You can just put relative paths to your sbt and fasta file, I find it is easiest to store everything in the VAPiD folder - that way you don't have to worry about typing paths.

Output

The program will run for a bit and generate a folder for each sequence in your fasta file. The folder will be named the same as what you named the strain in the fasta file. (So if the first line of your fasta file is >SC12309 then there will be a folder called SC12309 with all of the .gbf, .tbl, and ect files that you need and love.)

Here's a picture of all the files that should be present if you run VAPiD on the example.fasta and examble.sbt included.

Example Output

tbl2asn will also spit out some errors and warnings onto the command line.

The program itself will also examine each sequence record for stop codons and notify you of which ones contain stops.

Inside each folder will be some files, you can examine .gbf files either in a text editor or in something like Geneious. To submit your sequence to NCBI simply email the .sqn file to gb-sub@ncbi.nlm.nih.gov and then shortly after your sequences will be deposited on NCBI.

Custom Names

I have added support to submit viruses with free form full names. For example >Sample 3 (USA/Human/2016). Also if you are using the manual metadata input feature where it prompts you for the minimum required metadata VAPiD automatically appends (country/col_year) to your name. This is in an attempt to improve the quality of sequence being sent to NCBI so they like us more.

There are two different ways to submit with free form full names.

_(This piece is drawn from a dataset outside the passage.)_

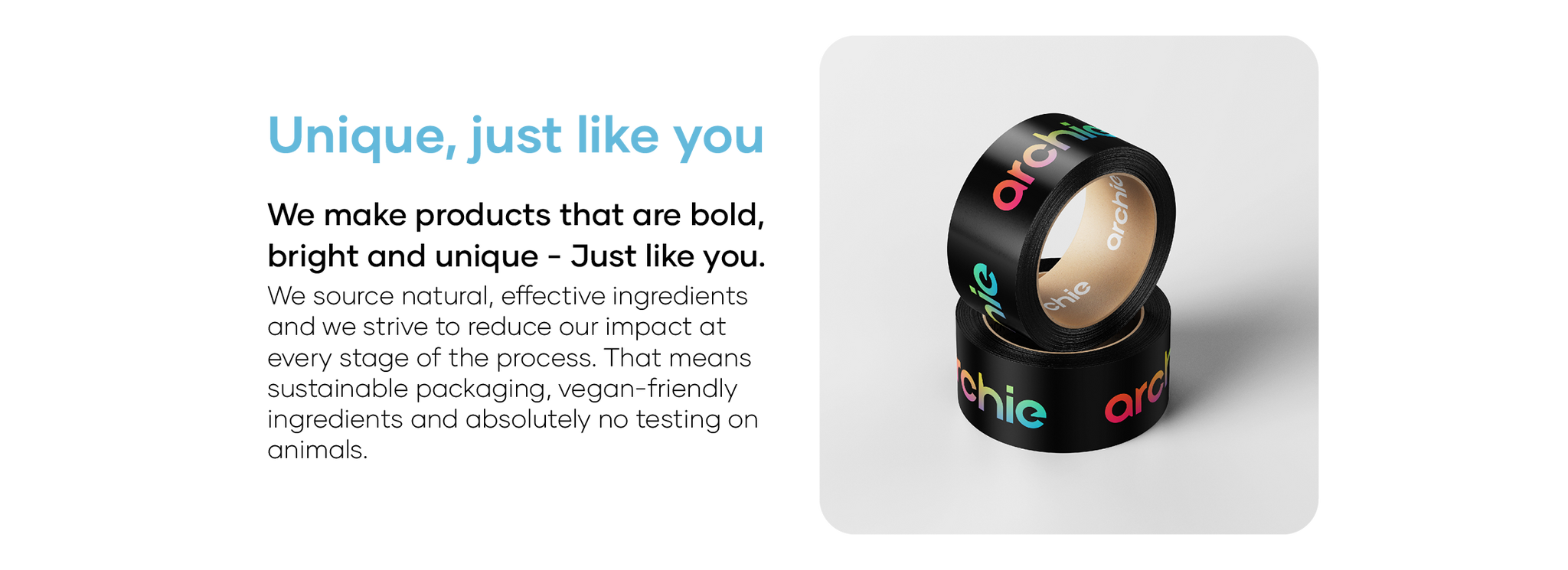 Archie is cruelty-free and no products or ingredients have been tested on animals.

Add a full_name column to your metadata.csv file

metadata.csv line 1: strain,collection-date,country,coverage,full_name

metadata.csv line 2: test,2017,USA,42.5,test (USA/2016/A)

Simply add a column that is named EXACTLY 'full_name' and put the full name into the metadata.csv file. If you are using this option you still need to have your fasta headers match. So for the example above your fasta file would still need to start with just >test. This is so that I can find the record corresponding to 'test' in the metadata file. In this case you do not need to put a space in the full_name. i.e. test-usa/2016/a would work using this method.

OR

Have your FASTA header be anything you want and use --slashes at runtime

In this option you would have your fasta header be >test (USA/Human/2016). And you would add --slashes to your python command running vapid.py. When using this option, internally your samples are still represented by test, right now it is required that there be a space between >test and anything with backslashes in it. So when using this option your metadata.csv file would still have just test and you could associate collection year or any other metadata with this sample.

In either of these methods your results will be placed into a folder that is named test. VAPiD will break if you don't have a space between your fasta header and anything with backslashes.

I do NOT reccomend batching submissions that mix these options. Also, if my solution to this problem has introduced any new problems or simply isn't appropriate for your case please let me know and I can add support for your specific case.

Implementation Details and Important Notes

A large problem is actually inconsistent spelling in GenBank sequence records or sequence records that do not have every protein annotated. The ESpell utility from NCBI is currently being used to check spelling on protein names. However this can result in certain protein names losing capitilization (i.e. IIIa3 will get changed to iiia3).